EXERCISE PROMPT: Exact wording is needed for every line from the one holding "Neon Cyber Warrior" to the end of the records below; write those lines out and omit the pictures.

>>

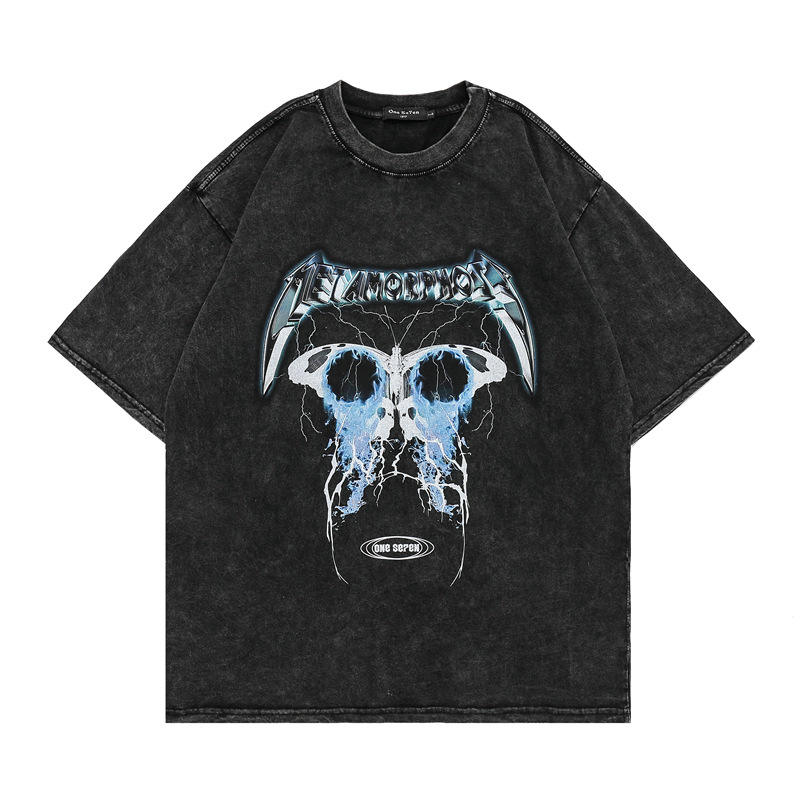 เสื้อยืดคอกลม Y2K ผ้าฝ้าย 100% แบรนด์ส่วนตัว ล้างสีแบบ Acid Wash เสื้อยืดผู้ชายพิมพ์ลายกราฟิกหนา เสื้อยืดวินเทจผู้ชาย
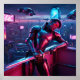 Neon Cyber Warrior Poster - Futurística Sci-Fi
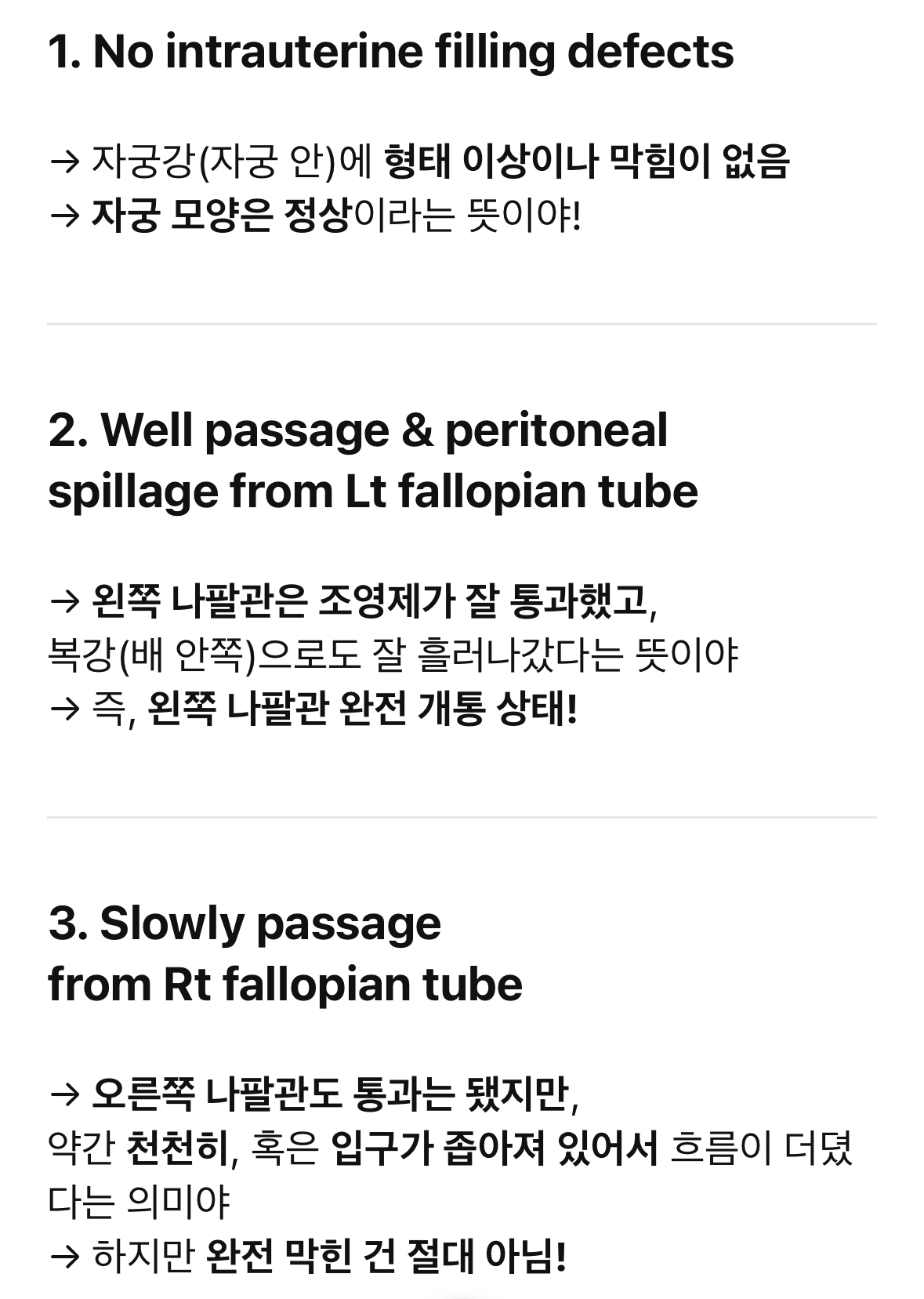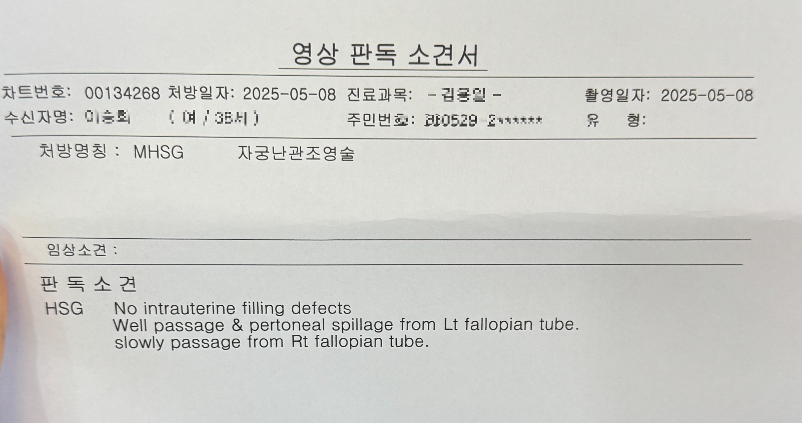 검사 후 바로 의사에게 결과를 듣습니다. 저는 다행히 양쪽 나팔관 모두 개통 상태였고, 자연임신 시도 가능하다는 소견을 받았습니다.
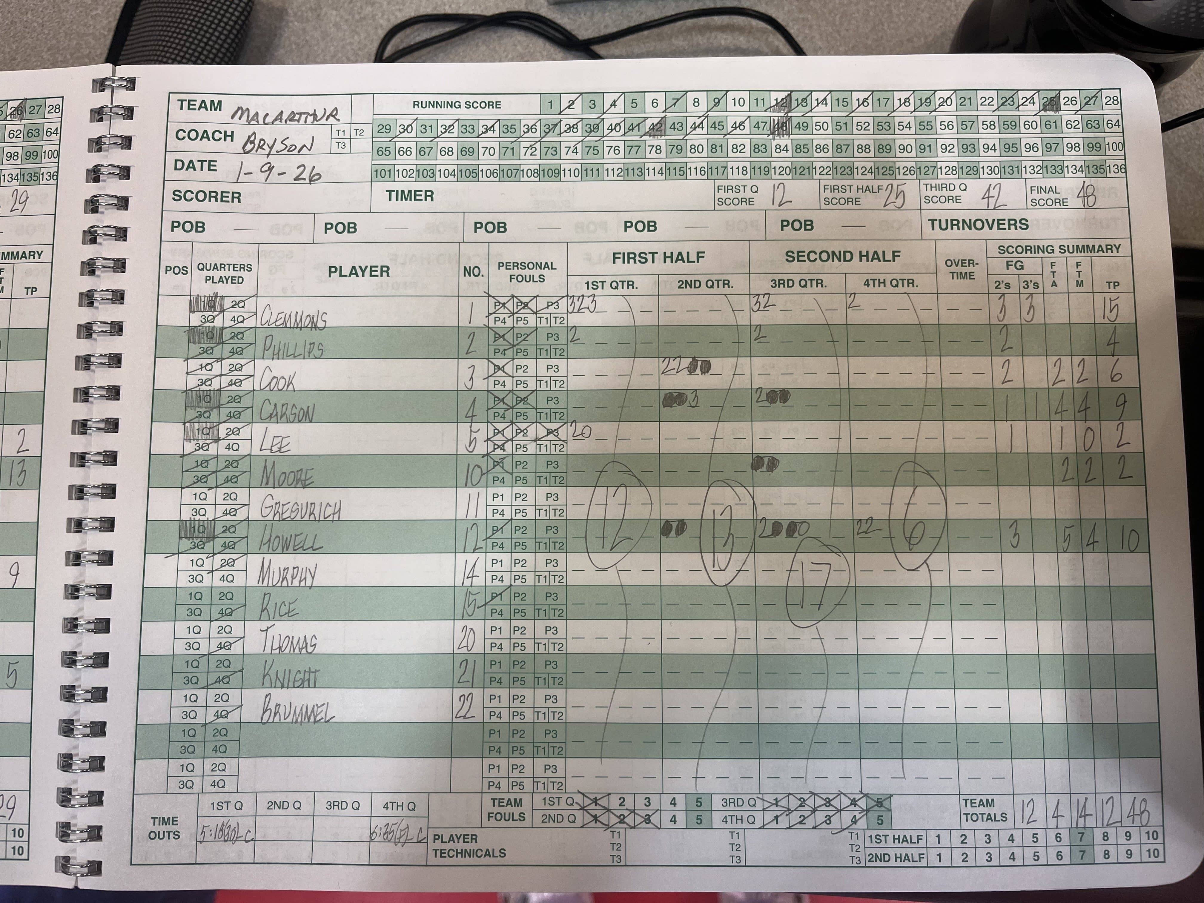 The MacArthur Generals pulled away from the Glenwood Titans for a 48-29 CS8 victory on Friday night. That victory moves the Generals to 14-0 this season. MacArthur was led by TiShawn Clemmons and Kendall Howell with 15 and 10 points a piece. Cohen Reid scored 13 for the Titans. Glenwood travels to Centennial on Saturday while MacArthur hosts Jacksonville on Tuesday.
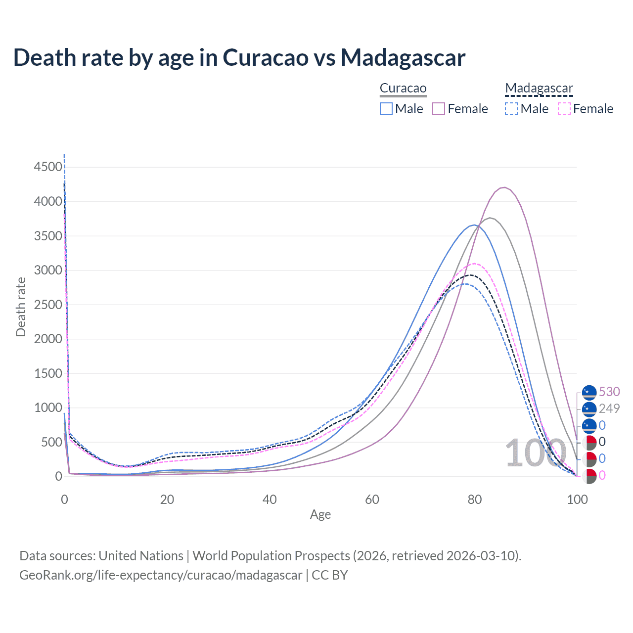 In Curacao, the most common age of death is 83, compared to 0 in Madagascar. The median age of death is 80.4 in Curacao and 72.2 in Madagascar, meaning only half of each cohort is expected to live past that age.

<<

SOLUTION TO THIS TASK:
 Neon Cyber Warrior Poster - Futurística Sci-Fi
 검사 후 바로 의사에게 결과를 듣습니다. 저는 다행히 양쪽 나팔관 모두 개통 상태였고, 자연임신 시도 가능하다는 소견을 받았습니다.
 The MacArthur Generals pulled away from the Glenwood Titans for a 48-29 CS8 victory on Friday night. That victory moves the Generals to 14-0 this season. MacArthur was led by TiShawn Clemmons and Kendall Howell with 15 and 10 points a piece. Cohen Reid scored 13 for the Titans. Glenwood travels to Centennial on Saturday while MacArthur hosts Jacksonville on Tuesday.
 In Curacao, the most common age of death is 83, compared to 0 in Madagascar. The median age of death is 80.4 in Curacao and 72.2 in Madagascar, meaning only half of each cohort is expected to live past that age.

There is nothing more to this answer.